* _Instructions to follow_
The reply is to contain the full listing, repeated exactly, with pictures left out.

*** Entries provided ***

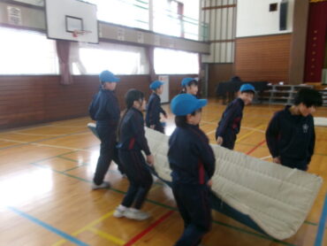 3年生の体育では、先週から跳び箱の学習をしています。準備運動の後、跳び箱、踏切板、マットなどを協力しながら運びました。安全に気を付けながら皆で準備したり片付けたりすることも、だんだん上手になってきました。
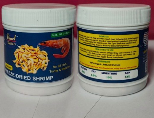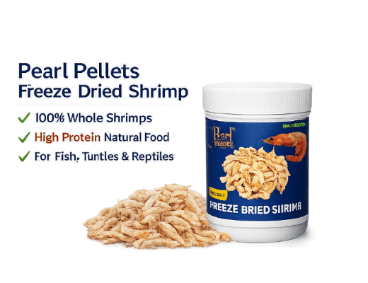 Pearl Pellets Freeze-Dried Shrimp is a premium quality natural feed made from 100% whole shrimp. Carefully freeze-dried to preserve essential nutrients, this protein-rich food supports healthy growth, vibrant colour development, and improved immunity in aquarium fish, turtles, and reptiles.
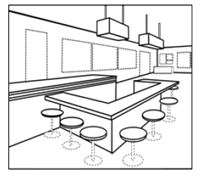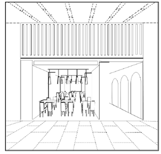 如需在一件商標申請中,同時遞交店面外觀和內(nèi)飾裝潢的設(shè)計,可繪制在一張圖片里,如以下示例4(分開繪制則將認定為兩份申請)。
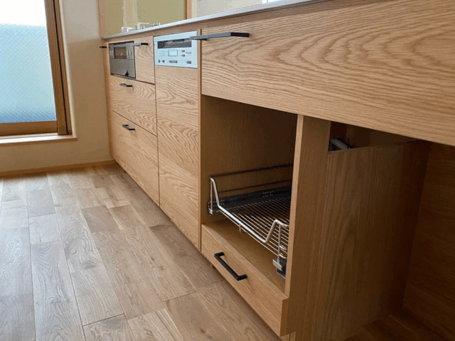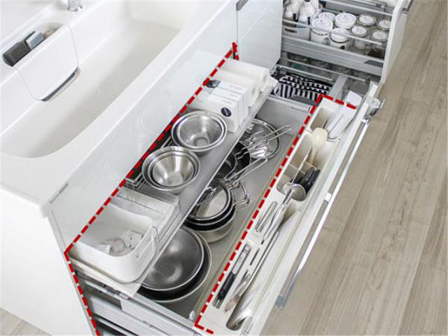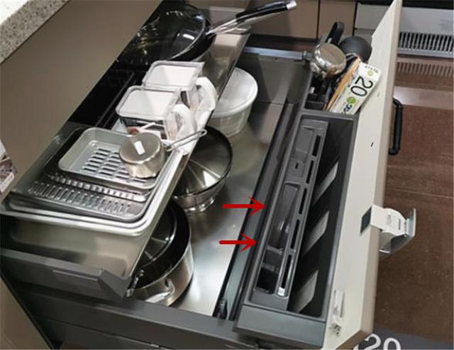 空置区域还可增加拉篮用作置物区,通风透气,放置锅或常用厨具,保持干燥、洁净。
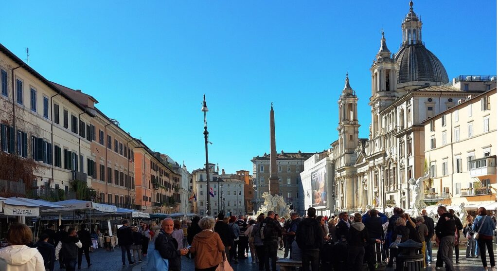 Trećeg dana, u utorak, prošli smo pokraj francuske crkve Presvetog Trojstva na Brdu, ispred koje je impozantni obelisk te se niz Španjolske scale spustili do Šanjolskog trga s velikim Gospinim kipom na stupu ispod kojega piše: „Zdravo, milosti puna, Gospodin s Tobom, blagoslovljena Ti među ženama.“ Tu „Papa svake godine dolazi moliti i častiti Gospu Bezgrešnu, na uspomenu na njezino Bezgrešno začeće.“ Potom smo pohodili Hrvatsku crkvu sv. Jeronima i došli na veličanstveni trg Navona gdje su između brojnih znamenitih umjetničkih djela i tri zadivljujuće fontane. Trg je galerija lijepih skulptura i još ljepših arhitektonskih kreacija. Izgleda poput unutrašnjosti nekog velikog kazališta. Stoga taj trg predstavlja jednu od najljepših cjelina baroknog umjetničkog i arhitektonskog stila u Rimu i na svijetu. Trg je današnji oblik dobio ponajviše zaslugom pape Inocenta X., iz moćne kardinalske obitelji Pamphilj, čija je impozantna palača pokraj trga, a uz nju je crkva sv. Agneze s dva tornja. U antičkom Rimu na ovom trgu bio je stadion cara Domicijana, dugačak čak 276 metara, a širok 54 metra. Mogao je primiti 30.000 gledatelja. Pretpostavlja se da je trg Navona dobio ime po latinskoj riječi agones – igre.
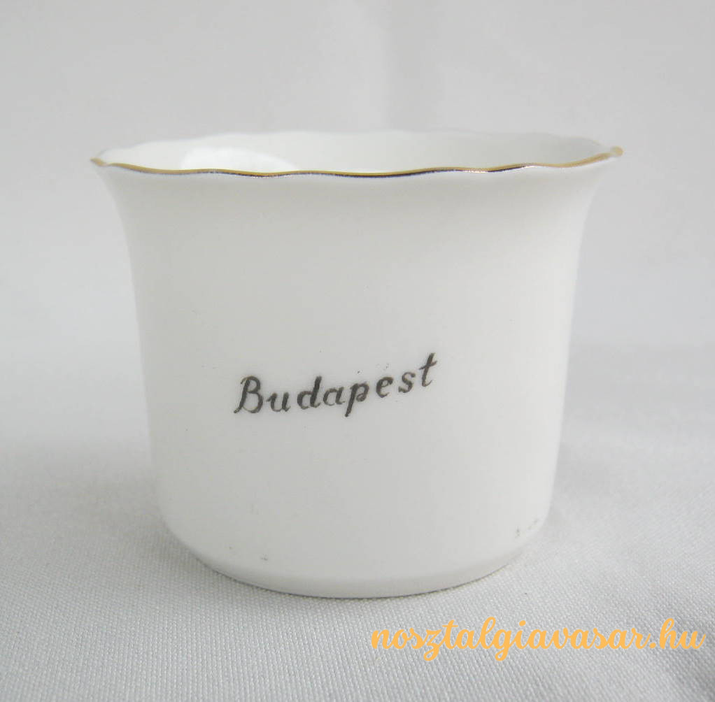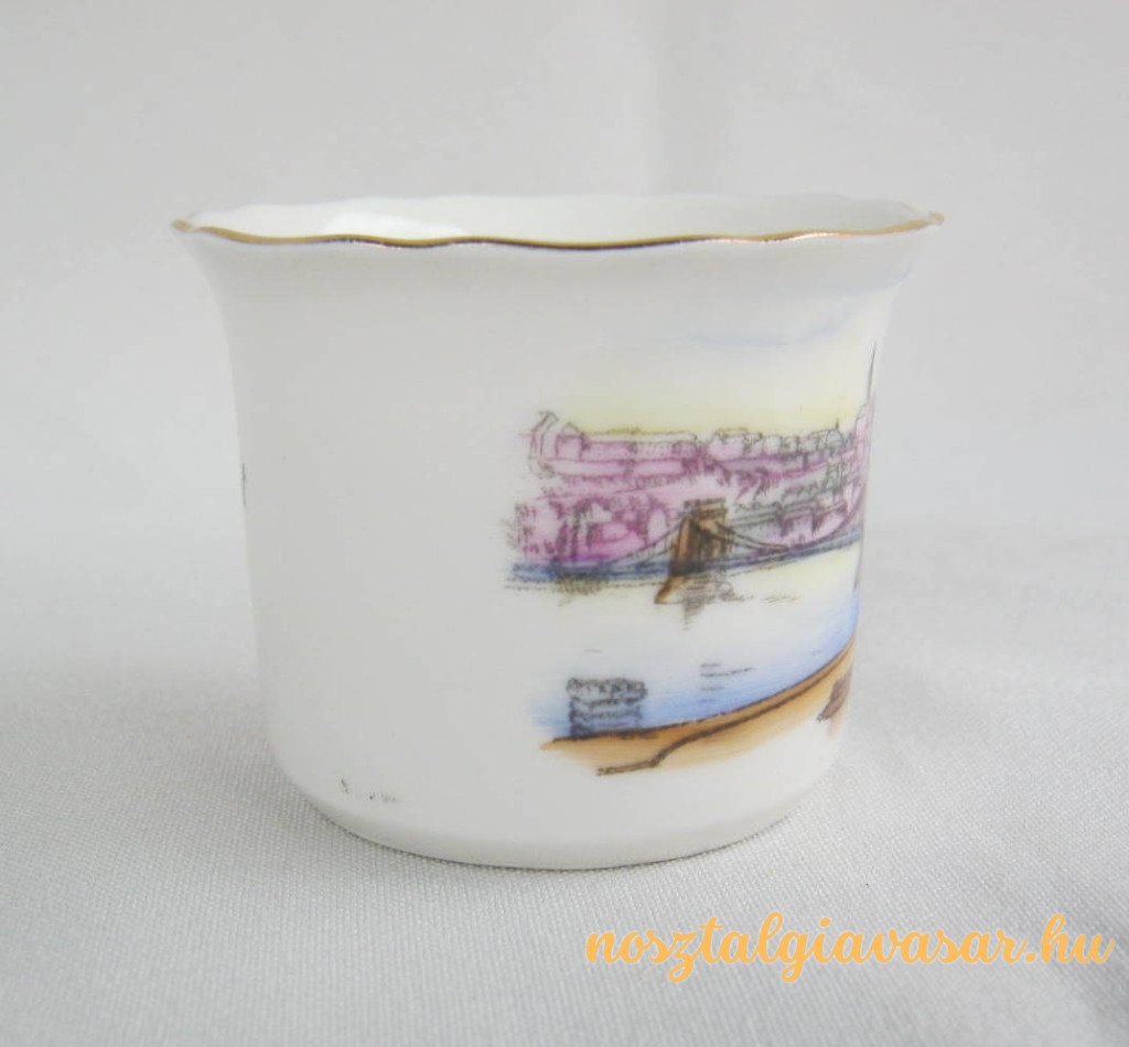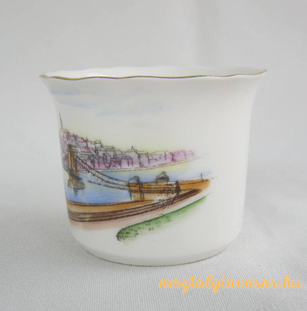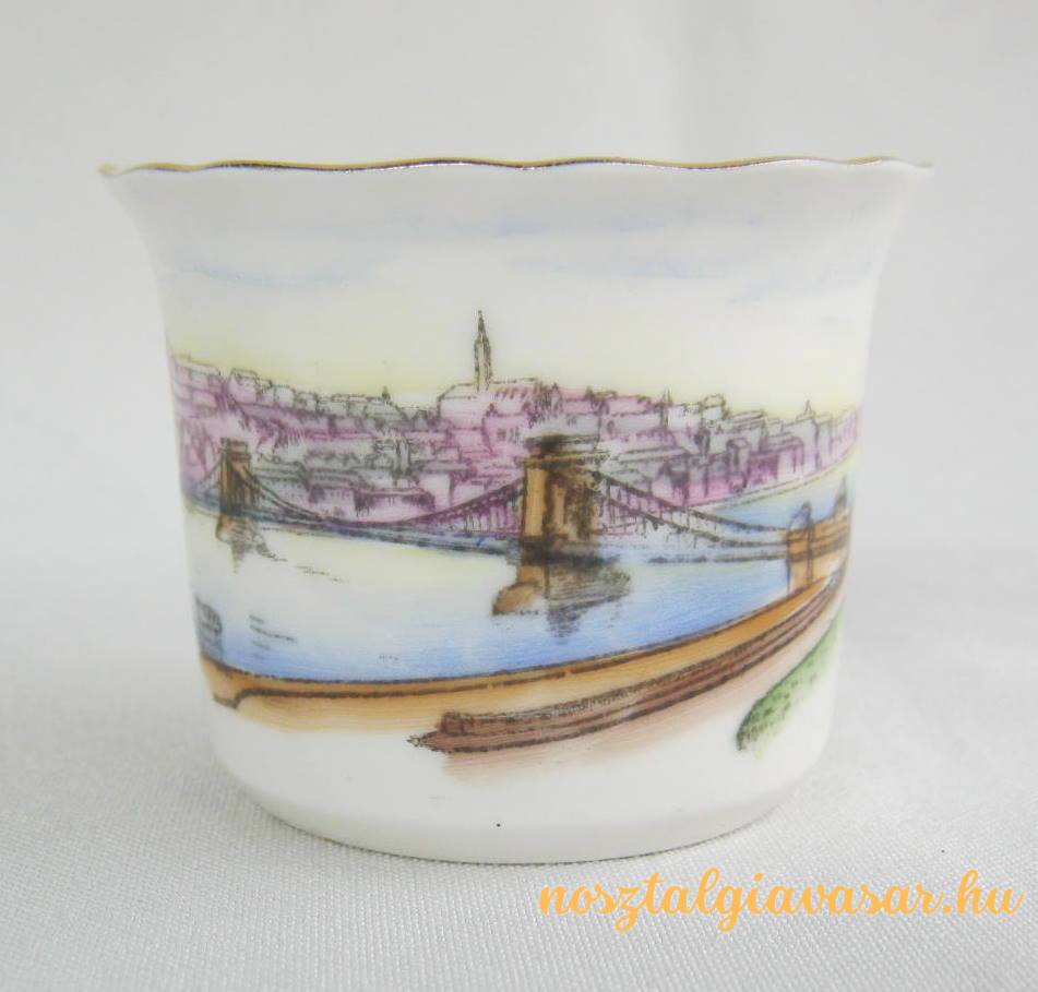 Retro porcelán dísztárgy Budapest felirattal, egyik oldalán a Lánchíddal
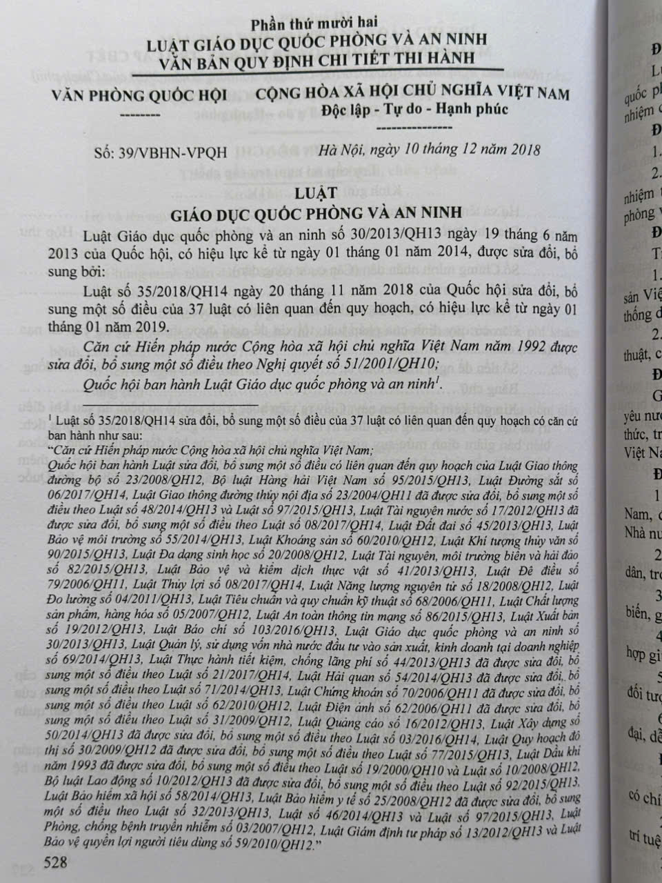 Phần thứ mười hai. LUẬT GIÁO DỤC QUỐC PHÒNG VÀ AN NINH – VĂN BẢN QUY ĐỊNH CHI TIẾT THI HÀNH
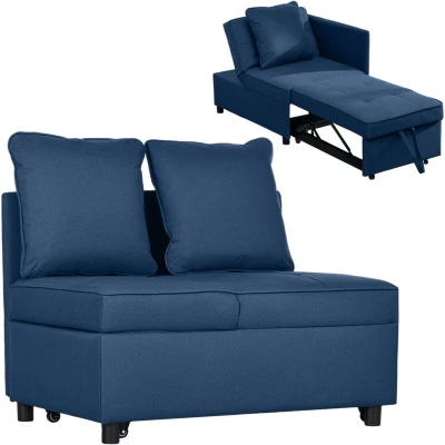 HOMCOM Convertible Single Sofa Bed with Thick Padded Seat, 3 in 1 Multi Functional Sleeper Chair Magazine Pocket, for Living Room, Blue
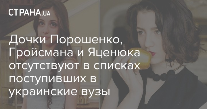 Вчера были обнародованы списки поступивших на бюджет абитуриентов. "Страна" искала в этом перечне детей знаменитостей, но оказалось, что украинское образование выбирают единицы. Напомним, что в этом году должны были закончить школу Евгения и Александра Порошенко, дочки-двойняшки президента Украины, Кристина Фиглус, дочь экс-министра финансов Натальи Энн Яресько, Кристина Гройсман, дочка премьер-министра и Кристина Яценюк, старшая дочь экс-премьера.
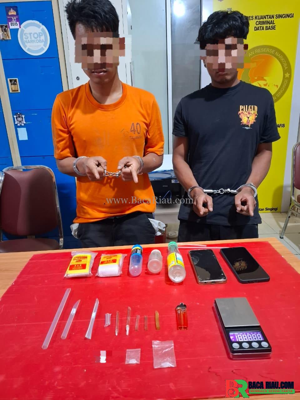Saat ini kedua tersangka beserta barang bukti telah diamankan di Mapolres Kuantan Singingi untuk proses hukum lebih lanjut. Keduanya dijerat dengan Pasal 114 ayat (1) Jo Pasal 112 ayat (1) Undang-Undang Nomor 35 Tahun 2009 tentang Narkotika, dengan ancaman hukuman maksimal 20 tahun penjara.
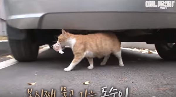 A Korean woman who feeds many stray cats noticed that one of her regulars would not eat unless the food was set out in a bag. The cat would only show interest in the food if she could take it with her.
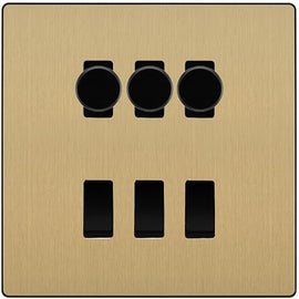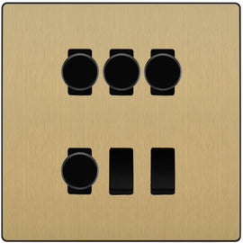 BG Evolve Satin Brass 6 Gang Switch 3x Trailing Edge LED Dimmer 3x Intermediate Custom Grid Switch
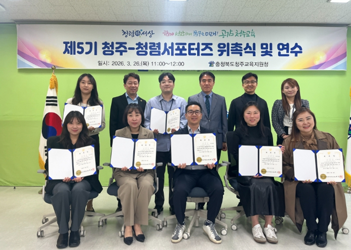 [파이낸셜경제=김기보 기자] 충청북도청주교육지원청은 2026년 3월 26일 청렴 문화 확산 및 청렴 실천 분위기 조성을 위해 ‘제5기 청렴서포터즈 위촉식 및 연수’를 실시했다.

*** End of Entries provided ***

* _Written response_
 3年生の体育では、先週から跳び箱の学習をしています。準備運動の後、跳び箱、踏切板、マットなどを協力しながら運びました。安全に気を付けながら皆で準備したり片付けたりすることも、だんだん上手になってきました。
 Pearl Pellets Freeze-Dried Shrimp is a premium quality natural feed made from 100% whole shrimp. Carefully freeze-dried to preserve essential nutrients, this protein-rich food supports healthy growth, vibrant colour development, and improved immunity in aquarium fish, turtles, and reptiles.
 如需在一件商標申請中,同時遞交店面外觀和內(nèi)飾裝潢的設(shè)計,可繪制在一張圖片里,如以下示例4(分開繪制則將認定為兩份申請)。
 空置区域还可增加拉篮用作置物区,通风透气,放置锅或常用厨具,保持干燥、洁净。
 Trećeg dana, u utorak, prošli smo pokraj francuske crkve Presvetog Trojstva na Brdu, ispred koje je impozantni obelisk te se niz Španjolske scale spustili do Šanjolskog trga s velikim Gospinim kipom na stupu ispod kojega piše: „Zdravo, milosti puna, Gospodin s Tobom, blagoslovljena Ti među ženama.“ Tu „Papa svake godine dolazi moliti i častiti Gospu Bezgrešnu, na uspomenu na njezino Bezgrešno začeće.“ Potom smo pohodili Hrvatsku crkvu sv. Jeronima i došli na veličanstveni trg Navona gdje su između brojnih znamenitih umjetničkih djela i tri zadivljujuće fontane. Trg je galerija lijepih skulptura i još ljepših arhitektonskih kreacija. Izgleda poput unutrašnjosti nekog velikog kazališta. Stoga taj trg predstavlja jednu od najljepših cjelina baroknog umjetničkog i arhitektonskog stila u Rimu i na svijetu. Trg je današnji oblik dobio ponajviše zaslugom pape Inocenta X., iz moćne kardinalske obitelji Pamphilj, čija je impozantna palača pokraj trga, a uz nju je crkva sv. Agneze s dva tornja. U antičkom Rimu na ovom trgu bio je stadion cara Domicijana, dugačak čak 276 metara, a širok 54 metra. Mogao je primiti 30.000 gledatelja. Pretpostavlja se da je trg Navona dobio ime po latinskoj riječi agones – igre.
 Retro porcelán dísztárgy Budapest felirattal, egyik oldalán a Lánchíddal
 Phần thứ mười hai. LUẬT GIÁO DỤC QUỐC PHÒNG VÀ AN NINH – VĂN BẢN QUY ĐỊNH CHI TIẾT THI HÀNH
 HOMCOM Convertible Single Sofa Bed with Thick Padded Seat, 3 in 1 Multi Functional Sleeper Chair Magazine Pocket, for Living Room, Blue
 Вчера были обнародованы списки поступивших на бюджет абитуриентов. "Страна" искала в этом перечне детей знаменитостей, но оказалось, что украинское образование выбирают единицы. Напомним, что в этом году должны были закончить школу Евгения и Александра Порошенко, дочки-двойняшки президента Украины, Кристина Фиглус, дочь экс-министра финансов Натальи Энн Яресько, Кристина Гройсман, дочка премьер-министра и Кристина Яценюк, старшая дочь экс-премьера.
Saat ini kedua tersangka beserta barang bukti telah diamankan di Mapolres Kuantan Singingi untuk proses hukum lebih lanjut. Keduanya dijerat dengan Pasal 114 ayat (1) Jo Pasal 112 ayat (1) Undang-Undang Nomor 35 Tahun 2009 tentang Narkotika, dengan ancaman hukuman maksimal 20 tahun penjara.
 A Korean woman who feeds many stray cats noticed that one of her regulars would not eat unless the food was set out in a bag. The cat would only show interest in the food if she could take it with her.
 BG Evolve Satin Brass 6 Gang Switch 3x Trailing Edge LED Dimmer 3x Intermediate Custom Grid Switch
 [파이낸셜경제=김기보 기자] 충청북도청주교육지원청은 2026년 3월 26일 청렴 문화 확산 및 청렴 실천 분위기 조성을 위해 ‘제5기 청렴서포터즈 위촉식 및 연수’를 실시했다.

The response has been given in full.